Hecht Vom 31. Dezember bis 30. April ist Schonzeit. Ab dem 1. Mai ist dann auch gleich Hochsaison. Der zweite Höhepunkt folgt dann Ende des Sommers bis in den Herbst hinein. Die Seeflächen im Stadtbereich sind leider überangelt und am Gelege wird man nur die Zwerge finden. Wer erfolgreicher sein will, muß schon ein Stück hinausrudern und sein Glück mit toten Köderfischen bzw. Kunstködern an der Spinnrute versuchen. Favorit ist der Zepp-Blinker ab 20 Gramm aufwärts. Klarer Himmel und mäßiger Wind sind ideal.
Die alten Damen und Herren lauern am Fuß der Barschberge (vor der Badeanstalt Krakow am See), um die Inseln herum, an den Abhängen der Scharkanten, in der großen Bucht am Zeltplatz, Durchfahrt vom Stadtsee ins Serrahner Wasser, Westufer der Halbinsel Schwerin und im kleinen Serrahner See.

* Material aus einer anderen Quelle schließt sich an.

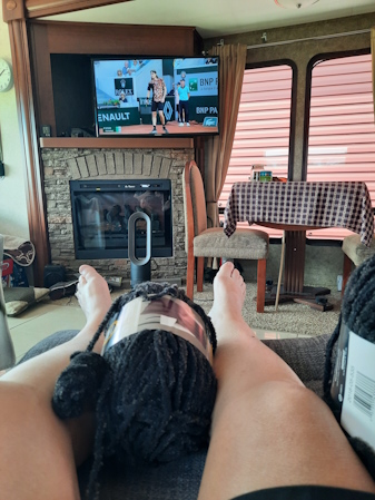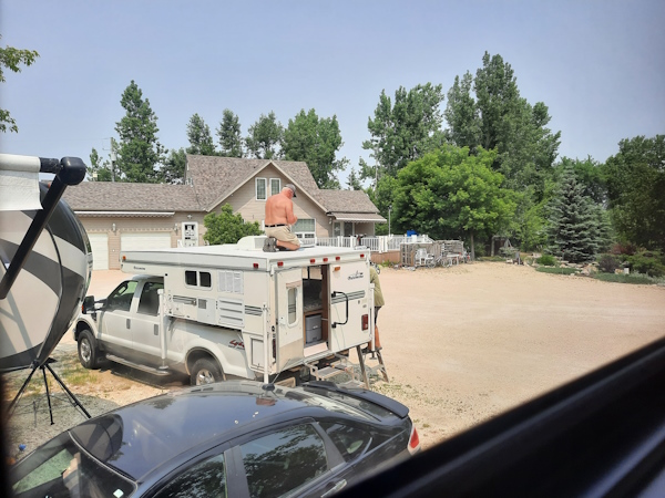 Dennis cannot go up ladders yet, so I helped him install a solar panel on the roof of their new truck camper.

Barsch Er hat das ganze Jahr Saison, nur während der Laichzeit Ende April/Anfang Mai und an sehr heißen Sommertagen bleiben die Barschprofis zu Hause. Scharkanten, Barschberge und unterseeische Wiesen sind vielversprechende Stellen. Tiefgeführte Spinner (Größe 3 und 4) und große gelbe Twister sind am fängigsten, auch Würmer – einen Meter über dem Grund angeboten, stehen ihnen kaum nach. Häufigste Fanggebiete sind die Scharkanten des Nordufers ab Seegrube, Ostufer bis Einmündung in den kleinen Serrahner See, rund um Lieps Werder und die Barschberge vor Wolbenwerder.(Ich möchte abraten, den Köder 1 bis 2 Meter unterhalb der Wasserlinie anzubieten, da beißen nur die Kleinen. Dann sind sie bloß noch als Köder nütze. Ist doch schade drum. Sehe es oft genug. Für mich ist der ein guter Angler, welcher in einem Jahr einen großen Barsch fängt, statt “10 000” Kleine.)

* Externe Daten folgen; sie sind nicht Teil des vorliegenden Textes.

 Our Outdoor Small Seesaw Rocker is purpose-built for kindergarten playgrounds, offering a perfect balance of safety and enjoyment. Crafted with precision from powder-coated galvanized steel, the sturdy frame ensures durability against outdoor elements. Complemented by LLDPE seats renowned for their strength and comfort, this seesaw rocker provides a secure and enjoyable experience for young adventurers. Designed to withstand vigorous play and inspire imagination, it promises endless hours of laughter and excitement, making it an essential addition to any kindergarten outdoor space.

Karpfen Schlammiger Grund und reicher Pflanzenwuchs, sowie Tiefen von 2 bis 4 Metern werden bevorzugt. Kartoffeln, Teig und Mais sind bewährte Köder. Zu fangen im Stadtsee und Gruber See, rund um Lehmwerder und in der Bucht am Zeltplatz.

Andere Fischarten Zander werden vereinzelt im östlichen Teil des Stadtsees gefangen. Hin und wieder gehen in flachen und schlammigen Buchten mit starkem Pflanzenbewuchs Schleie an den Haken. Ein guter Quappenbestand existiert, aber es gibt kaum anglerische Erfahrungen mit diesem Fisch.